Nope, oxygen on exoplanets doesn’t always mean life

(Credit: Getty Images)

New research debunks the conventional wisdom that oxygen and organic compounds in the atmosphere are strong evidence of alien life on a distant planet.

Those substances can wind up in exoplanet atmospheres for reasons that have nothing to do with biological processes, researchers learned by running laboratory simulations of atmospheric chemistry.

“Our experiments produced oxygen and organic molecules that could serve as the building blocks of life in the lab, proving that the presence of both doesn’t definitively indicate life,” says first author Chao He, assistant research scientist in the earth and planetary sciences department at Johns Hopkins University. “Researchers need to more carefully consider how these molecules are produced.”

Oxygen makes up 20 percent of Earth’s atmosphere and is considered one of its most robust biosignature gases. But little is known about how different energy sources initiate chemical reactions and how those reactions create biosignatures like oxygen in the search for life beyond Earth’s solar system.

A simulated carbon dioxide-rich planetary atmosphere
A simulated carbon dioxide-rich planetary atmosphere exposed to a plasma discharge in a lab experiment. (Credit: Chao He/Johns Hopkins)

Other researchers have run photochemical computer models to predict what atmospheres might create on exoplanets—those circling stars other than our own—but He believes this is the first time scientists conducted lab simulations.

9 mixtures

Researchers performed the simulation experiments in a specially designed Planetary HAZE (PHAZER) chamber in the lab of coauthor Sarah Hörst, assistant professor of earth and planetary sciences.

They tested nine different gas mixtures, consistent with predictions for super-Earth and mini-Neptune type exoplanet atmospheres. These kinds of exoplanets are the most abundant type of planet in our Milky Way galaxy.

Chao He explaining how the study’s PHAZER setup works.
Chao He explaining how the study’s PHAZER setup works. (Credit: Chanapa Tantibanchachai)

Each mixture had a specific composition of gases such as carbon dioxide, water, ammonia, and methane, and each was heated at temperatures ranging from about 80 to 700 degrees Fahrenheit.

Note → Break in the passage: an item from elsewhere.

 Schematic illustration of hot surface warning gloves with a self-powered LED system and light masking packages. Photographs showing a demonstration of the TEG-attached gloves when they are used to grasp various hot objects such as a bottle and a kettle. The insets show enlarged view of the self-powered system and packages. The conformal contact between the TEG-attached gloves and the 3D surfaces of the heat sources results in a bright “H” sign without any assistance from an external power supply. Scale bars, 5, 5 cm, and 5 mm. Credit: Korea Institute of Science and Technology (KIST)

He and colleagues allowed each gas mixture to flow into the PHAZER setup and then exposed the mixture to one of two types of energy, meant to mimic energy that triggers chemical reactions in planetary atmospheres: plasma from an alternating current glow discharge or light from an ultraviolet lamp.

False positives

Plasma, an energy source stronger than UV light, can simulate electrical activities like lightning and/or energetic particles, and UV light is the main driver of chemical reactions in planetary atmospheres such as those on Earth, Saturn and Pluto.

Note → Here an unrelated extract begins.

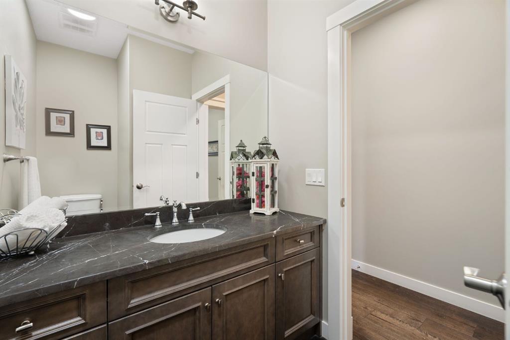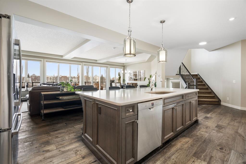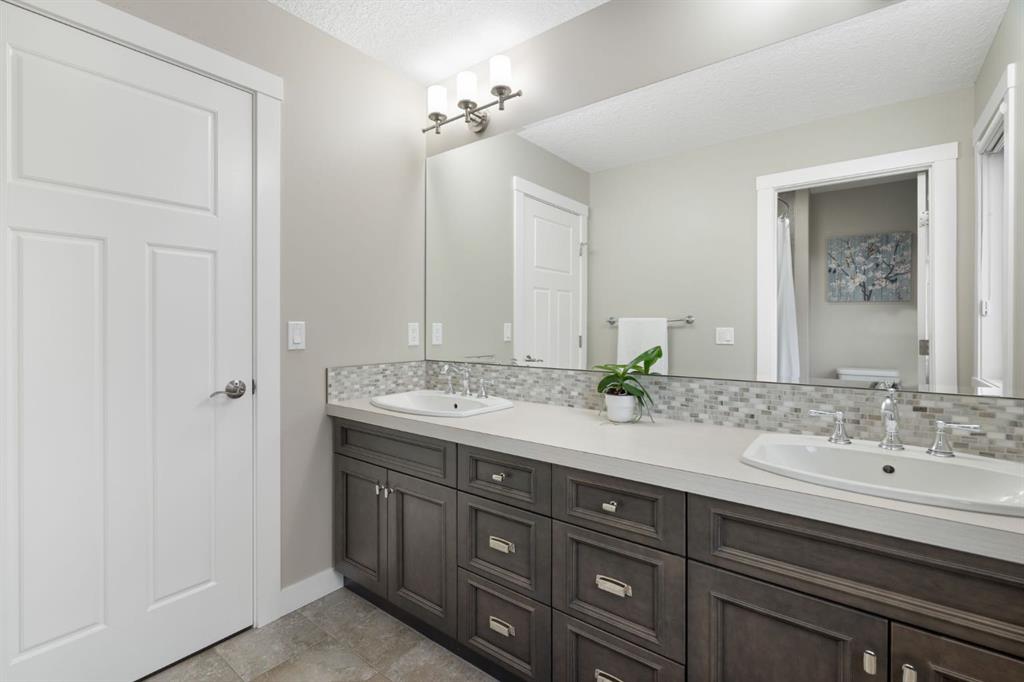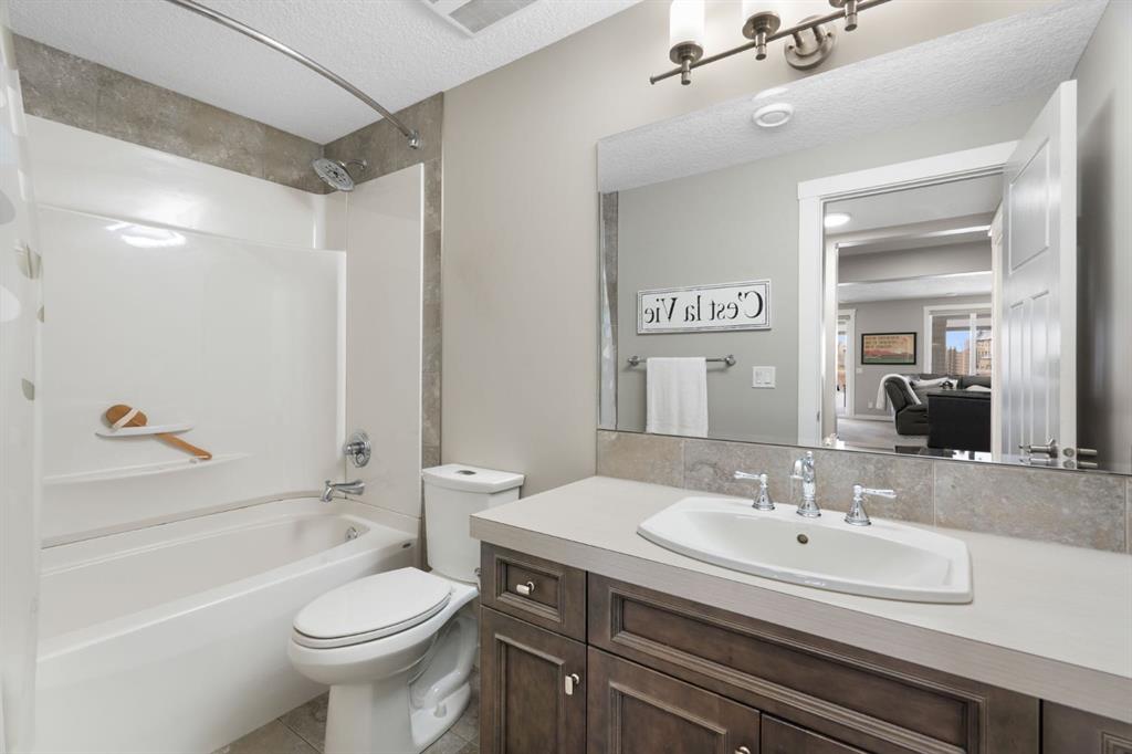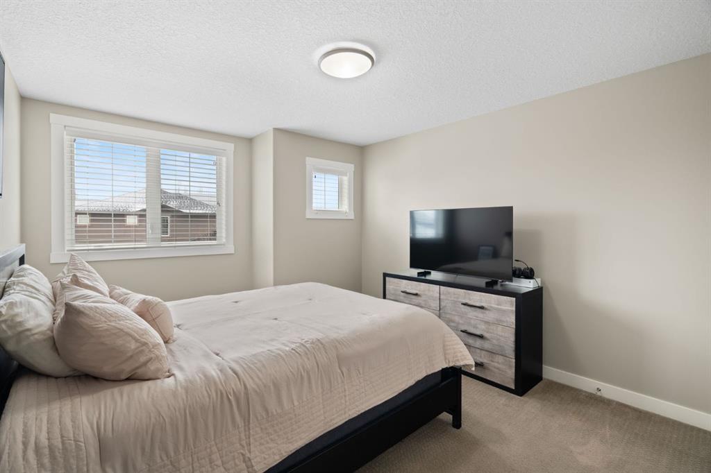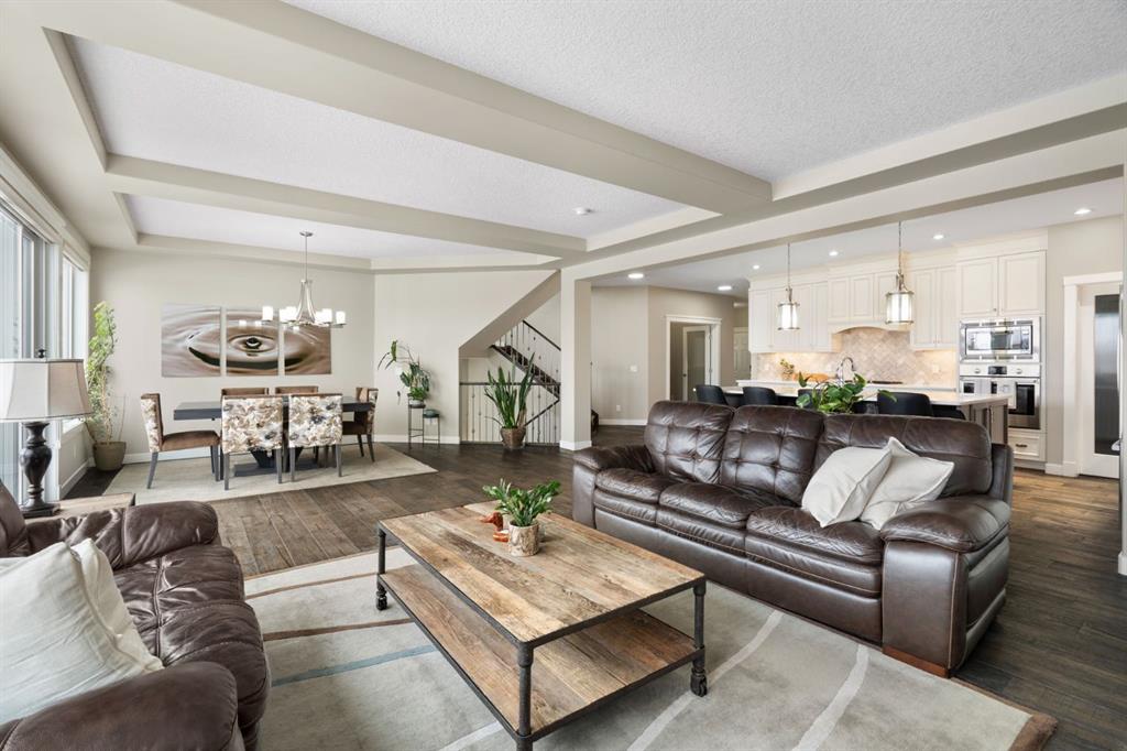 Located in the Estate section of Mckenzie Towne on a quiet street with a picturesque pond as your backdrop, this custom-built home features four bedrooms and four bathrooms across nearly 4,400 sq. ft. of developed living space. Arriving at 52 Elgin Estates View, you will be impressed by the stunning curb appeal, Gemstone lighting, and an oversized, heated triple-car garage with epoxy floors. Inside, the formal foyer leads to a generous main-floor office with French doors. The stunning white kitchen is equipped with quartz countertops, a six-burner gas range, stainless steel Bosch appliances, and a walk-through pantry. Adjacent to the kitchen is a spacious living room with a gas fireplace and a large dining area. The back of the home is flooded with natural light through expansive windows, offering access to a vinyl deck with beautiful east-facing views of the pond. The main floor is completed by a large mudroom with direct garage access and a powder room with granite countertops. Upstairs, you will find a bonus room, two secondary bedrooms, and a five-piece bathroom. The primary bedroom offers impressive proportions and additional pond views. The primary ensuite serves as a perfect retreat with a double vanity with granite countertops, a large tub, and a spacious standalone shower. A large walk-in closet provides direct access to the laundry room, which is also accessible from the hallway. The walkout basement is an entertainer’s dream, featuring a wet bar, a large entertainment space for movie nights or sports, and room for a pool table. This level also includes a fourth bedroom, a four-piece bathroom, and additional storage. Outside, the ground-floor covered patio features stamped concrete and an automatic bug screen for summer comfort. The professionally landscaped backyard includes an in-ground sprinkler system and direct access to walking paths around the pond. Additional features include dual-zone furnaces, two AC units, new hot water tank (2025), Gemstone lighting and Hunter Douglas blinds. This property is located on a quiet street and is just steps from a large soccer field, all the shopping and amenities one could need and easy access to major road ways all while being nestled on a quiet pond.

After running the experiments continuously for three days, corresponding to the amount of time gas would be exposed to energy sources in space, the researchers measured and identified resulting gasses with a mass spectrometer, an instrument that sorts chemical substances by their mass to charge ratio.

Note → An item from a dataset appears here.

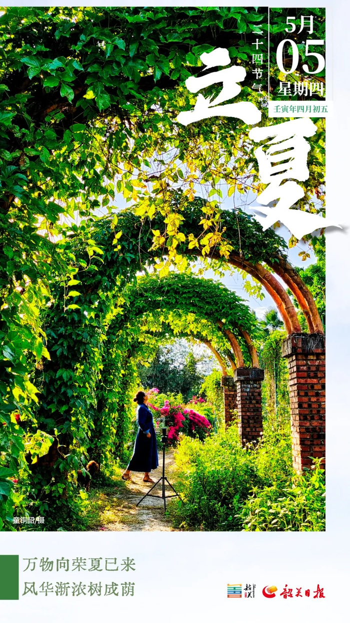 据@韶关天气,预计未来一周韶关前期以晴好天气为主,早晚气温低,昼夜温差大;后期云量增多,转雷雨天气。早晚气温较低,注意适时增减衣物;天气较干燥,需注意野外和家居用火安全。今天是节后第一个工作日,同时也迎来了立夏节气。立夏有三侯:一候蝼蝈鸣、二候蚯蚓出、三候王瓜生。立夏时节,天气趋于炎热,大家要保持平心静气、心情愉悦。

They found multiple scenarios that produced both oxygen and organic molecules that could build sugars and amino acids—raw materials for which life could begin—such as formaldehyde and hydrogen cyanide.

“People used to suggest that oxygen and organics being present together indicates life, but we produced them abiotically in multiple simulations,” He says. “This suggests that even the co-presence of commonly accepted biosignatures could be a false positive for life.”

The paper appears in ACS Earth and Space Chemistry. NASA’s Exoplanets Research Program and the Morton K. and Jane Blaustein Foundation funded the work.